[Data extract Boundary: Start]

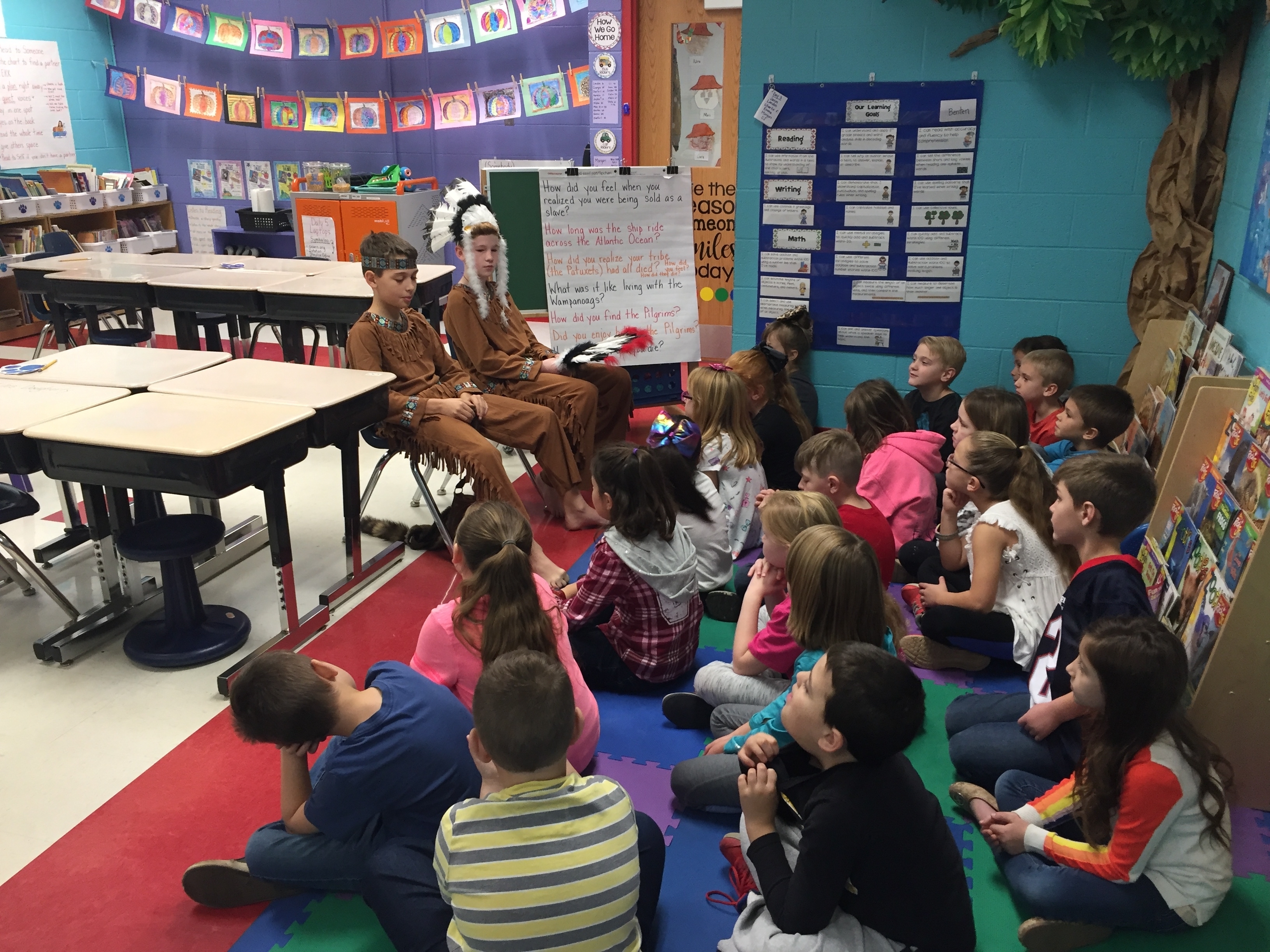 Young Native Americans Squanto (Quincy DeSherlia) and Samoset (Mason Green) visited the 2nd graders to talk about life in the 1620s. They answered questions and brought several artifacts like animal pelts, Chief Massasoit’s headdress, and real arrowheads. Second grade students have learned so much about the lives of Native Americans and Pilgrims over the past two weeks! This was such a fun culmination!
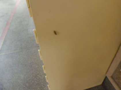 げた箱の側面に向けて写真を撮っています。
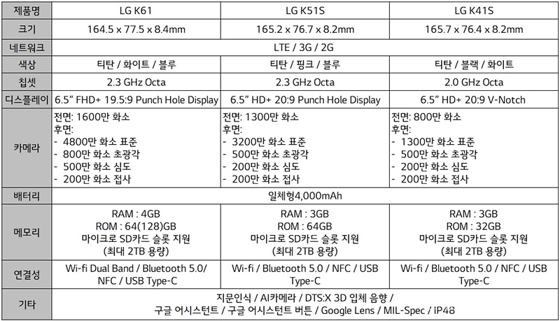 하지만 화면 자체는 좀 다릅니다. K61은 FHD+ 해상도에 19.5:9 펀치홀 디스플레이, K51S는 HD+ 20:9 펀치홀 디스플레이, K41S는 20:9 V노치 디스플레이가 들어갑니다.

[Data extract Boundary: End]

Try it -
Could you set down the material above word for word while dropping its pictures?

Task output -
 Young Native Americans Squanto (Quincy DeSherlia) and Samoset (Mason Green) visited the 2nd graders to talk about life in the 1620s. They answered questions and brought several artifacts like animal pelts, Chief Massasoit’s headdress, and real arrowheads. Second grade students have learned so much about the lives of Native Americans and Pilgrims over the past two weeks! This was such a fun culmination!
 げた箱の側面に向けて写真を撮っています。
 하지만 화면 자체는 좀 다릅니다. K61은 FHD+ 해상도에 19.5:9 펀치홀 디스플레이, K51S는 HD+ 20:9 펀치홀 디스플레이, K41S는 20:9 V노치 디스플레이가 들어갑니다.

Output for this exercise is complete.